During the Overland Campaign against the Confederate Army of Northern Virginia, African-Americans made up two brigades of IX Corps and fought from the Wilderness to Petersburg.

In contrast, Major General William Sherman’s armies did not have a single Black soldier. It seemed that Sherman had no use for them.

30 July, 1864: The Battle of the Crater: The plan for when the mine was detonated had both African-American brigades spearhead the assault. As a matter of fact, they had trained for a straight month while the mine was being dug. Sadly, General Grant had ordered the IX Corps commander, Major General Ambrose Burnside, not to send in the Black troops for political and public relations reasons. An unprepared brigade, led by a drunkard and coward, was sent in first. The African-Americans were sent in later, after the assault had bogged down, losing scores in the process.

Despite the bravery of the African-Americans, only one, Sergeant Decatur Dorsey, 39th USCT, received the Medal of Honor.
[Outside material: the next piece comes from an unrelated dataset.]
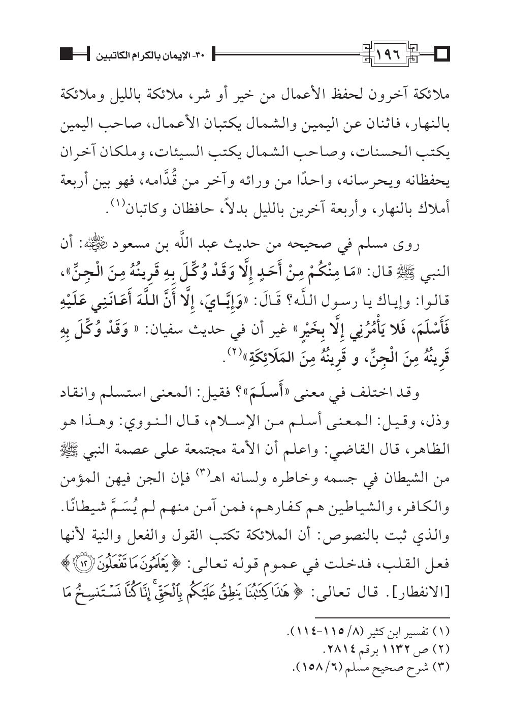 وقد اختلف في معنى «أَسلَمَ»؟ فقيل: المعنى استسلم وانقاد وذل، وقيل: المعنى أسلم من الإسلام، قال النووي: وهذا هو الظاهر، قال القاضي: واعلم أن الأمة مجتمعة على عصمة النبي صلَّى اللهُ عليه وسلَّم من الشيطان في جسمه وخاطره ولسانه اهـ (¬٣) فإن الجن فيهن المؤمن والكافر، والشياطين هم كفارهم، فمن آمن منهم لم يُسَمَّ شيطانًا. والذي ثبت بالنصوص: أن الملائكة تكتب القول والفعل والنية لأنها فعل القلب، فدخلت في عموم قوله تعالى: {يَعْلَمُونَ مَا تَفْعَلُون (١٢)} [الانفطار]. قال تعالى: {هَذَا كِتَابُنَا يَنطِقُ عَلَيْكُم بِالْحَقِّ إِنَّا كُنَّا نَسْتَنسِخُ مَا

On the Confederate side, the debate about using Black troops was not decided until it was becoming too late. Despite protests from hard-liners, the Confederate Congress approved the enlistment of African-Americans into the Confederate Army. Two regiments of mixed White and Black troops drilled to the delight of Richmond residents, but it was too little, too late.

As Richmond fell on 3 April,1865, the first Union troops to enter the former Confederate Capital were members of the 28th USCT. This spoke volumes to the defeated Confederates. Other units were involved in the Appomattox campaign, resulting in the surrender of the Army of Northern Virginia.

The last engagement of the Civil War, at Palmito Ranch, TX (11-12 May, 1865) also saw the last use of African-American troops as the 62nd USCT made up a large part of the Union force that was repulsed.

Following the war’s conclusion, African-African troops made up a large part of the force needed to police the former Confederate States. This action left bad feelings amongst the local population that might have contributed to the Black Codes that were enacted following the end of Reconstruction. They were also involved in operations along the Rio Grand River that were conducted to keep Imperial Mexico from invading.

Even so, the pace of disbanding Black units were not as fast as the White ones, but in the course of time, the volunteer regiments were disbanded. Those who wanted to continue in the Army were assigned to the 9th and 10th US Cavalry, who would become known as “Buffalo Soldiers” and would see large scale battle again in the Spanish-American War (at times alongside former Confederates). The 24th and 25th US Infantry was also authorized.

African-Americans earned their citizenship at places like Fort Wagner and the Crater. Sadly, that reward was not realized until the 1960’s, one hundred years after their battles.